November 18, 2022
On this day I saw this thing, and it was beautiful
The creative process is something that most artists have deemed mysterious, complicated and exhausting.
And these are the people who do this stuff for a living.
I’ve heard dozens of bestselling authors, screenwriters and musicians bemoan how their occupation as creative people is absolutely brutal, and great work only comes from great pain.
But what if there was simpler, calmer way? What if there was an intention with which we could approach our art that didn’t make us want to blow our brains out?
T-Bone Burnett, the award winning producer, filmmaker and musician, summarized it eloquently with the following passage in his memoir:
All artists do is mark things. They will say, on this day I was on this road and I saw this thing, and it was beautiful. Now I’m going to mark it so you don’t miss it when you’re going by.
Imagine if you treated your own creative work with that kind of intention. You’re simply here to mark things. The work is your documentation of all you notice as you walk through this world.
Come to think of it, that’s become my essential approach to writing music as I’ve gotten older. Much different than being in my teens and twenties.
Here’s the process.
Every day I write essays like the one you’re reading right now. Documenting my experiences and observations, unearthing my feelings and thoughts attached to them, and developing ideas for what to do in response.
Marking, as it were.
Many of those essays become songs. Words get extracted and culled into lyrical form, and eventually they’re matched up with melodies to bring them to life sonically.
What’s cool is, this process is vastly different from my historic approach to writing songs. It used to be less intentional and more sporadic. Here is what would happen for about the first twenty years of my musical life.
Songs would be treated as the emotional ground zero. Music would be the initial container into which I would hone my darkest fears and deepest longings, although I would never quite know what those were until the song was done.
I would essentially wander around on the guitar until something started to present itself. Once the melody caught my ear, I’d write the lyrics to accommodate it. The song was my way of uncovering how I felt about my life and the world.
Now, that process worked for many years, and I’m deeply proud of all the songs I composed, even if I don’t play the vast majority of the old tunes anymore.
But more recently, my creative approach has inverted. Now the feelings come first. These days, I spend a good hour or three getting very clear on what emotions are running through my system in the moment. And once that problem is solved on paper, then it’s time to bring it to life sonically as a three dimensional expression of the truth I’ve worked to understand.
The essay becomes a sort of language bank and emotional source code from which a song organically grows.
This method ultimately makes my songwriting process faster, easier, simpler, more specific, and almost guaranteed to be authentic in its emotional content.
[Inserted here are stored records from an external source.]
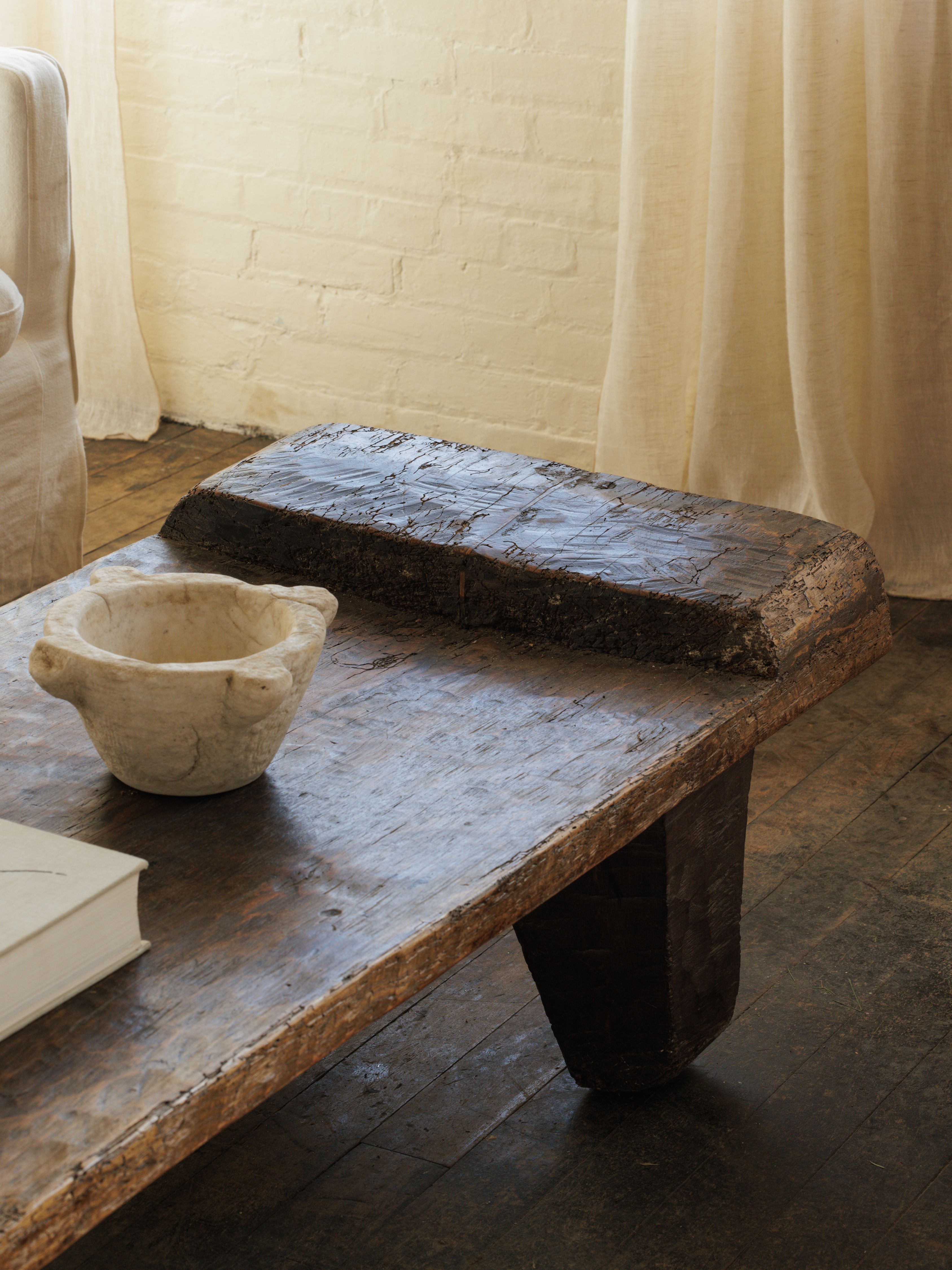 A capsuler furniture collection must include a Naga Table. Step into the distant lands of the Nagaland tribes in India with our most beloved hand-carved solid wood table, a piece that was once used as a bed over 100 years ago. Featuring unique detailing, carved edges, and four sturdy legs, this piece is the perfect addition to your Wabi Sabi home. The texture of this find is truly one of a kind, and will bring your neutral home to the next level.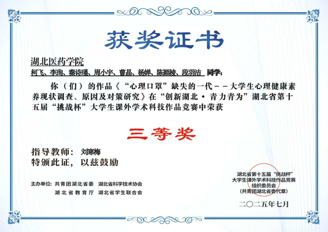 本网讯(通讯员柯飞)近日,“创新湖北·青力青为”湖北省第十五届“挑战杯”大学生课外学术科技作品竞赛获奖项目名单公示。由太阳集团tyc33455应用心理学系刘寒梅老师指导、应用心理学系若干研究生、本科生共同完成的作品《“心理口罩”缺失的一代——大学生心理健康素养现状调查、原因及对策研究》荣获省级三等奖。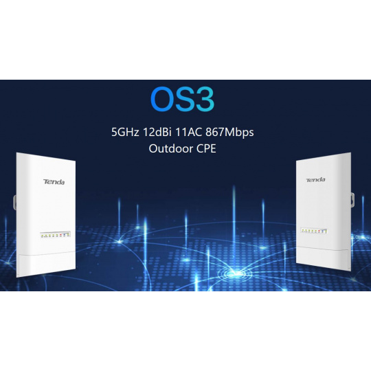 Tenda OS3 je bezdrátová venkovní Wi-Fi CPE jednotka s podporou mnoha režimů AP / Station / WISP / P2MP / WDS Repeater / Router, podporuje standard 802.11a/n/ac v pásmu 5 GHz s rychlostí až 867 Mb/s. Obsahuje 4x LAN port 10/100 Mbps, podporuje pasivní PoE napájení nebo napájecí adaptér (napájecí výhybka i adaptér jsou součástí balení). VPN Pass-Through, SSID Isolation, DDNS, DHCP, Transparent Bridge, VLAN tagging SSID, a další technologie.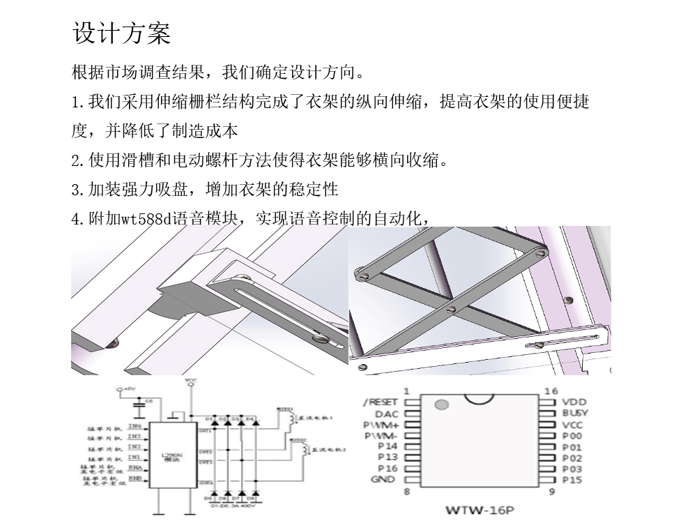 我们采用比较成熟的伸缩栅栏结构完成了衣架的纵向伸缩,大幅提高了衣架的使用便捷度,并且降低了制造成本,同时使用滑槽和电动螺杆相结合的方法成功使得衣架能够横向收缩,这高度契合我们的方便,节约空间的设计目标。另外,加装强力吸盘,增加衣架的稳定性,在电动基础上附加wt588d语音模块,以一个较为简单的设计实现语音控制的自动化,这些都使得我们的衣架设计更稳固,更便捷。通过对比市面上已有的产品,证明我们的设计具有极高的可行性,达到最初的便捷,耐久,节约空间等目标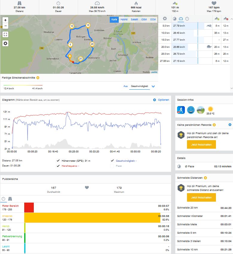 Auch eine ganz lustige Funktion, du kannst rennen gegen dich selbst starten. Habe ich mal mit dem Rad jetzt ein paar mal gemacht. Eine selbst zuvor gefahrene Strecke wählen und dann bekommst du Ansagen ob du vorne weg fährst, gleich überholt wirst usw.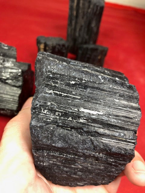 Sehr dekorative völlig naturbelassene schwarze Turmalin Kristalle ideal als Heilstein, Geschenk, Deko, Mitbringsel, für Sammler, Kinder, die Vitrine, Esoterik, zum Basteln, Herstellen von Schmuck wie Anhänger & vieles mehr.

Because I’ve already done the prework of figuring out how I feel about something.
The song is simply the artifact. It’s the mark.
How has your creative process evolved as you’ve matured? Have you ever taken the time to reflect on this aspect of your work?
It’s a fascinating experiment. What’s more, it’s a reminder that while hard work may be the process of getting better at things, discipline is the process of learning how you learn things.
Both of them are important to artistic growth, but only a small percentage of creators do the latter. It’s a core reason why being prolific is such a struggle for people. Because even if they are willing to put in the hard work to learn oil painting, guitar picking, tap dancing or standup comedy, what they lack is rigor around honing their own process.
You’ve got to save some creativity for yourself and embrace the privilege of having yourself as a client, as my mentor used to say. And if you’re not willing to dedicate at least some portion of your time understanding your own processes, then it will become hard replicate and repeat them consistently.
Now, you may be rightfully concerned:
The act of trying to figure out how the sausage is made will contaminate the result. It will kill the magic. The harder you chase after what you want, the more it will deny and elude you. Better to just sit back and relax and allow it to be organic and land softly on our shoulder.
Let me just state for the record, that approach isn’t bad or shameful. There is no right or wrong way to make things. Many amazing works of art have been produced via that very process. It’s just that when you’re willing to put some more rigor around your own systems, it enables you to reach new levels of output and expression in your work you could never attain otherwise.
Doing so may feel like limiting yourself, but the reality is, constraints are liberators. Your limitations are the containers into which the juice gets poured.
If you had more infrastructure and machinery inside of your creative process, how much more great work would you be able to kick out?